The official poster for the 1982 FIFA World Cup in Spain was designed by the legendary Catalan surrealist artist Joan Miró.
Miró's design broke away from traditional sports imagery, using his signature abstract style.
It features bold black lines, vibrant primary colors (red, yellow, and blue), and surrealist shapes.
The central figure is an abstract, celebratory character—often interpreted as a soccer player in a "celebratory somersault" or "leaping for joy".

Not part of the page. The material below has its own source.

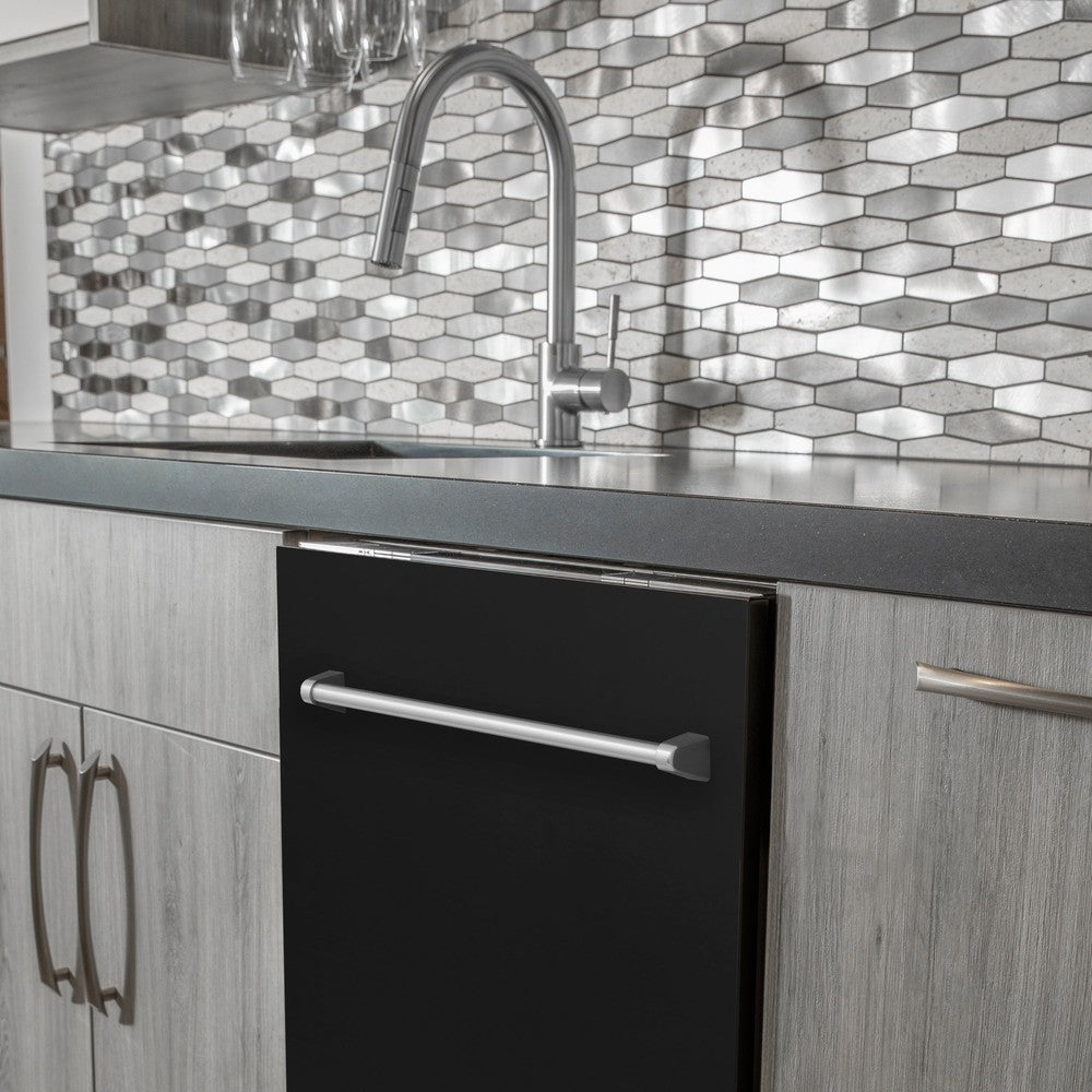 ZLINE 24 in. Top Control Dishwasher with Black Matte Panel and Traditional Style Handle, 52dBa (DW-BLM-24)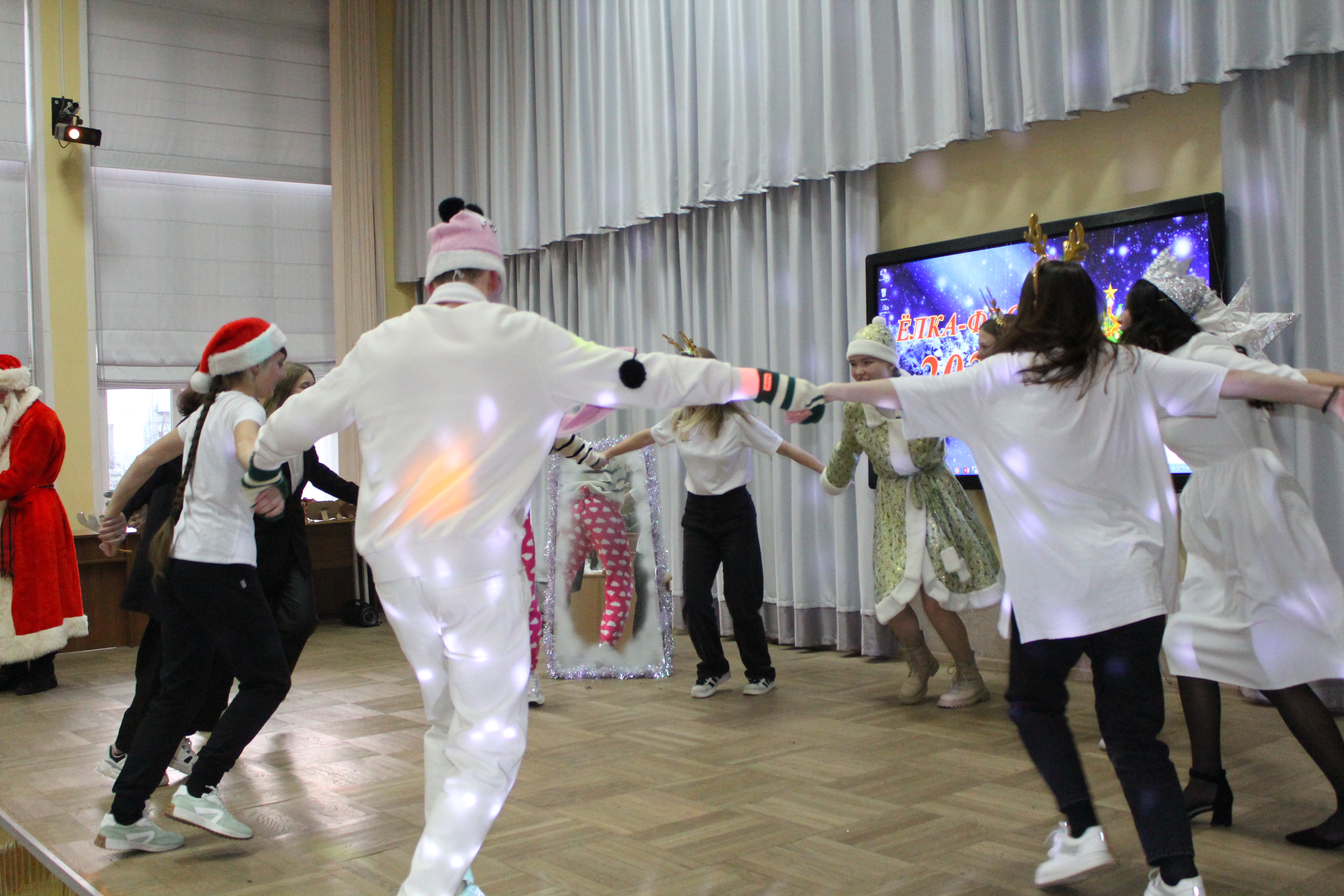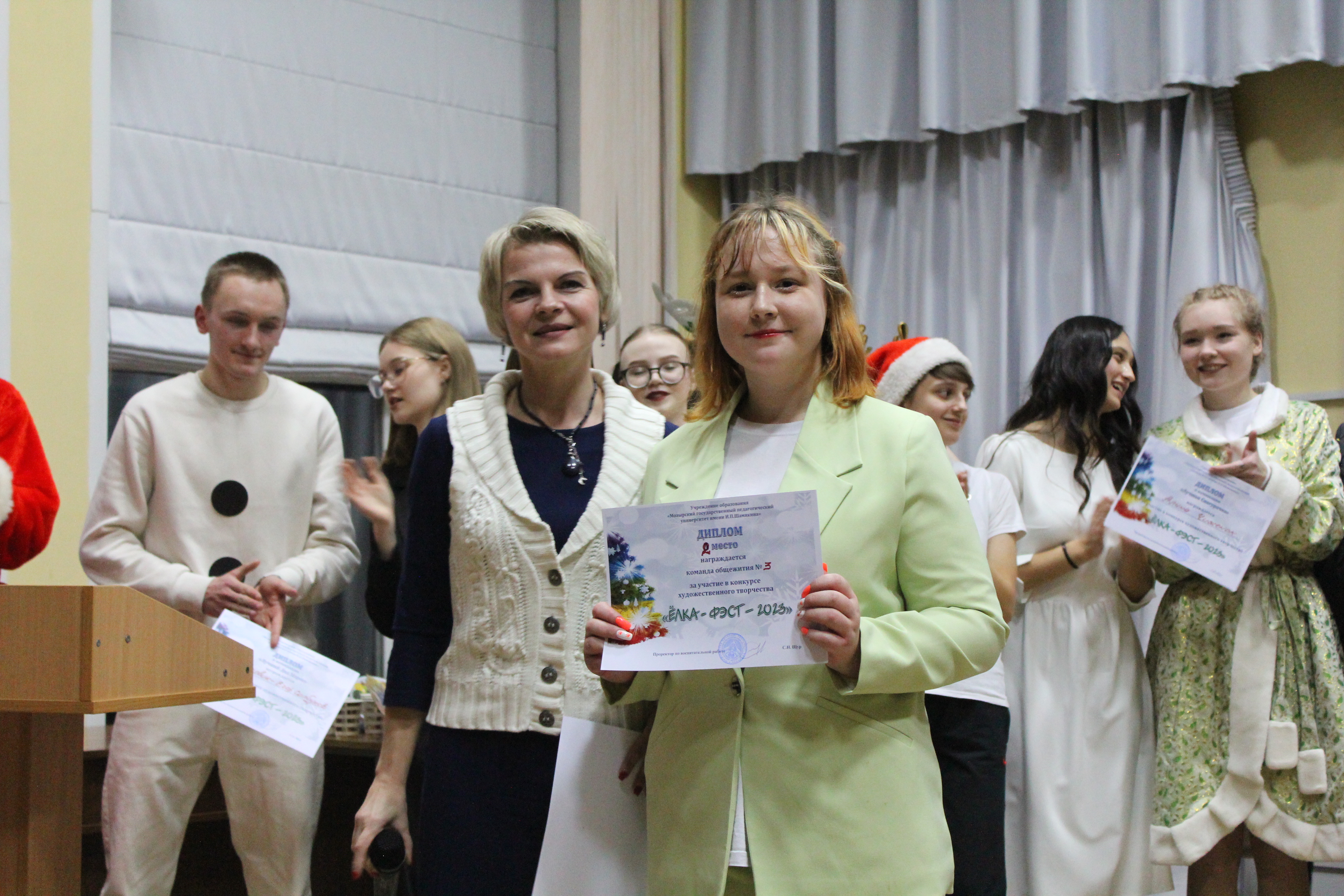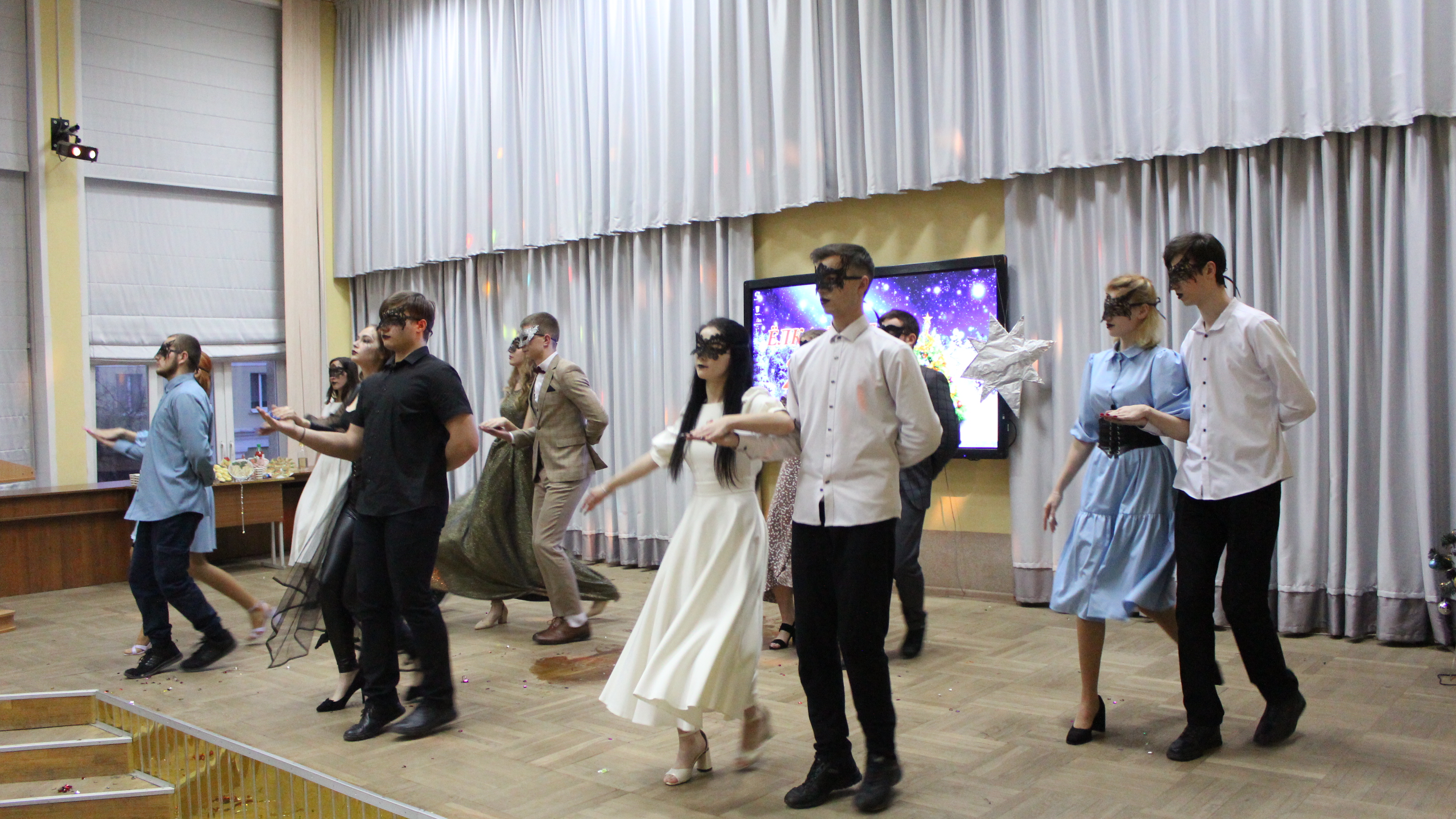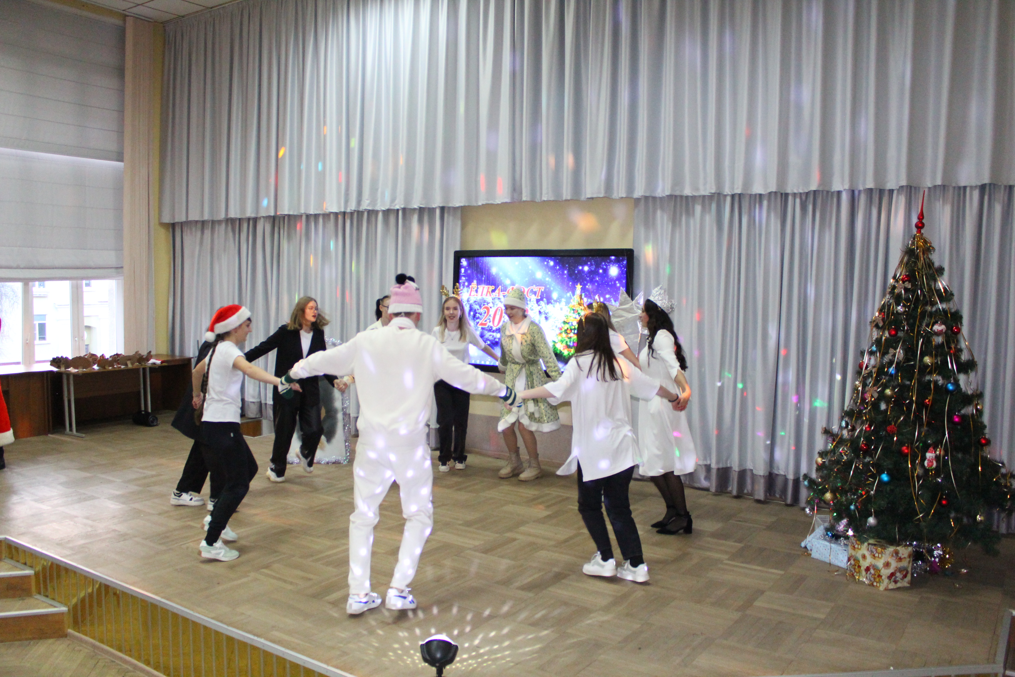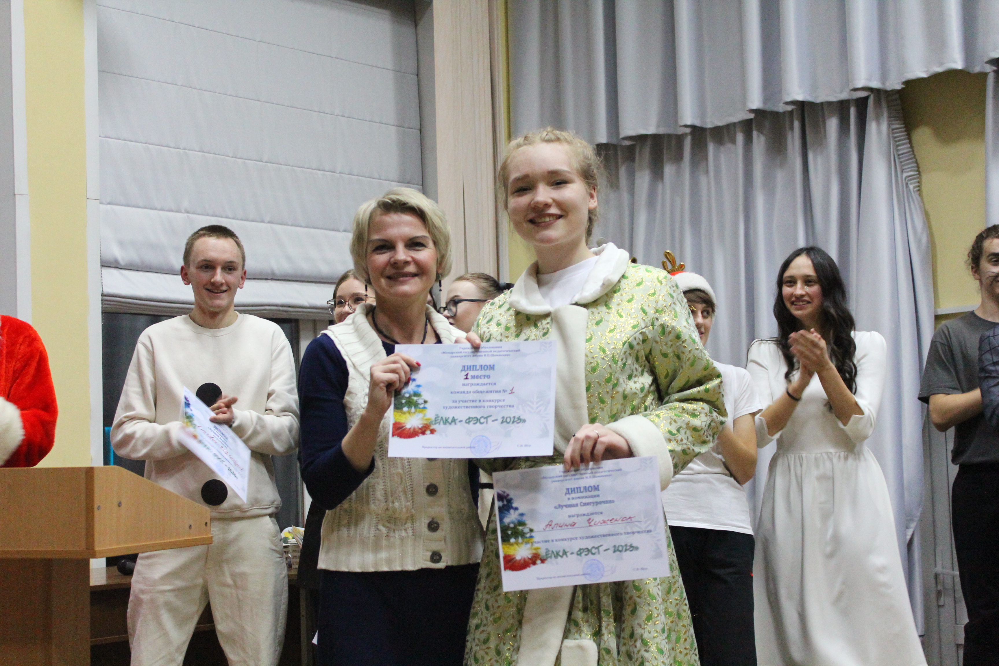 1 – е место разделили между собой команды общежитий №1 и №2, а 2 – место досталось общежитию №3. В номинациях «Лучший Дед Мороз», «Лучшая Снегурочка» были представители общежития №1 – Егор Салбуков и Алина Чиженок. Титул «Королевы» достался председателю студенческого совета общежития №2 Анне Савицкой, а в номинации «Лучший танцор» победил Алексей Ангел с общежития №3.

Joan Miró i Ferrà (20 April 1893 – 25 December 1983) was a Catalan painter, sculptor and ceramist from Spain. A museum dedicated to his work, the Fundació Joan Miró, was established in his native city of Barcelona in 1975, and another, the Fundació Pilar i Joan Miró, was established in his adoptive city of Palma, Mallorca in 1981. Earning international acclaim, his work has been interpreted as Surrealism but with a personal style, sometimes also veering into Fauvism and Expressionism. He was notable for his interest in the unconscious or the subconscious mind, reflected in his re-creation of the childlike. His difficult-to-classify works also had a manifestation of Catalan pride. In numerous interviews dating from the 1930s onwards, Miró expressed contempt for conventional painting methods as a way of supporting bourgeois society, and declared an "assassination of painting" in favour of upsetting the visual elements of established painting.